For most of us, our treasure…our other side…is Love. Love for family, love for friends, love for things and love for ourselves. Love is the bridge connecting life with death. it is through love that we appreciate life and become wary of death. Love is the teacher of true risk! because to love means to risk everything. the man who is not willing to risk all he has and all he is cannot feel the full impact of love. and that impact, like the impact of a car on an animal crossing the road, is very hard and able to crush you. love is letting go of control and embracing life and death as constant travelling companions.

nature, despite what we may believe, is more powerful than humanity because it obeys its own laws. whereas we always find new ways to boost our own superiority. you see, we think we are driving the car on that road called life. we are like the animals but just cannot see the oncoming traffic. or perhaps it is too fast for us to see?

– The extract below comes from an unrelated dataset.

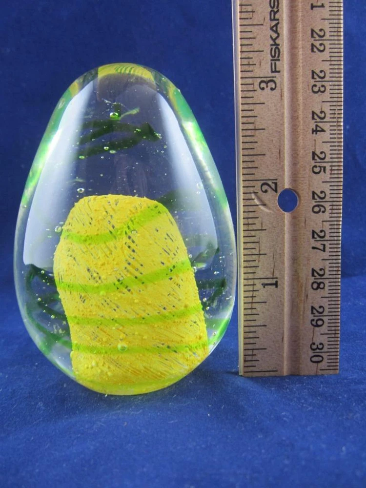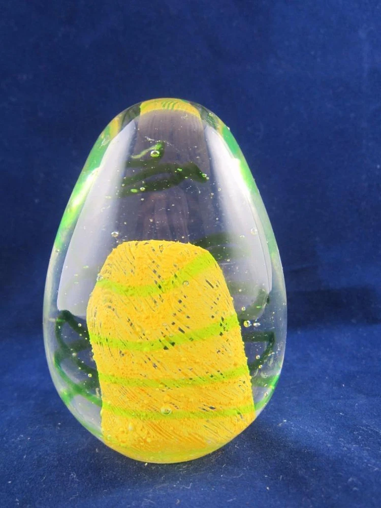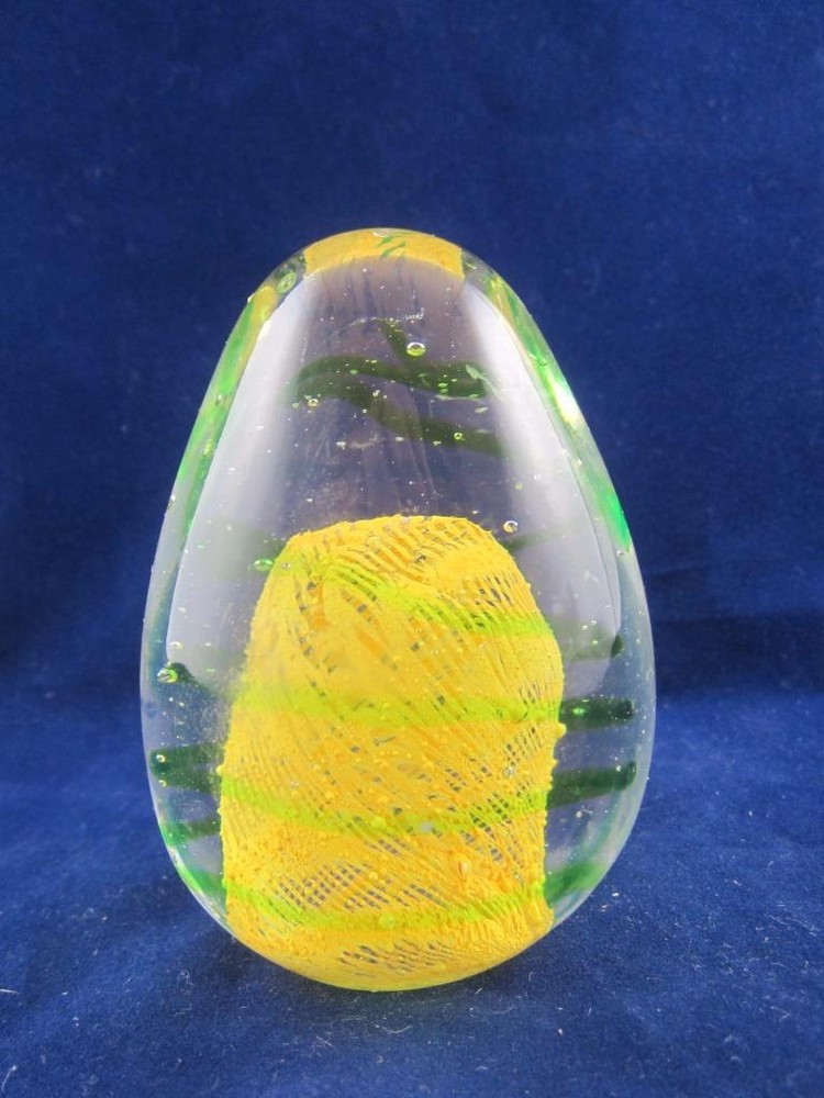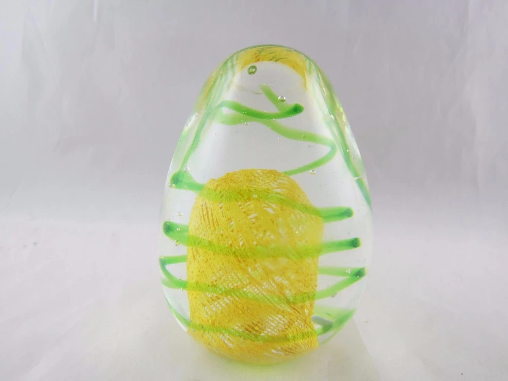 Up for your consideration is this neat Egg Shaped Paperweight. It has a beautiful bright Yellow with Green swirls throughout. It does not glow in the dark. It stands approximately 3 1/4" tall and is in excellent condition with no chips or cracks. Take a look at all the photos!!! Unique Yellow/Green Swirl Studio Art Glass Egg Paperweight Description Up for your consideration is this neat Egg Shaped Paperweight. It has a beautiful bright Yellow with Green swirls throughout. It does not glow in the dark. It stands approximately 3 1/4" tall and is in excellent condition with no chips or cracks. Take a look at all the photos!!! Feel free to send a note if you have questions. Check out the other fantastic collectibles we have in OUR STORE !! Thanks for looking! Payment Please ensure payment via PayPal within 3 days of your purchase or the end of the Auction. Shipping International Buyers Please Note: There are several options for shipping: First Class International, Priority International or Global Express. Keep in mind, if you decide to pay for First Class International, your item may take 1 to 6 weeks for delivery. There is no guaranteed delivery time for First Class International mail. Priority International has guaranteed shipping times. Please keep this in mind if you need your item sooner. Any orders that weigh over 4 lbs. or cost over $100 will be shipped Priority International only. Import duties, taxes and surcharges are not included in the item price or shipping charges. These charges are the buyer's responsibility. Please check with your country's customs office to determine what these additional costs may be prior to bidding/buying. These charges are normally collected by the delivering freight (shipping) company or when you pick the item up – do not confuse them for additional shipping charges. Pictures sell! Auctiva Free Image Hosting. Show off your items with Auctiva's Listing Templates Auctiva, THE simple solution for eBay sellers. Track Page Views With Auctiva's Counter

For many, life is about comfort and finding ways in which our existence can become easier. For some, it is about being treasure hunters, digging as many holes as it takes to find what we are searching for. it is the search that turns us into who we are. And it’s the struggle that makes us appreciate the end.

we cross the road knowing just how dangerous it is…but also know that that what is waiting for us was worth the journey.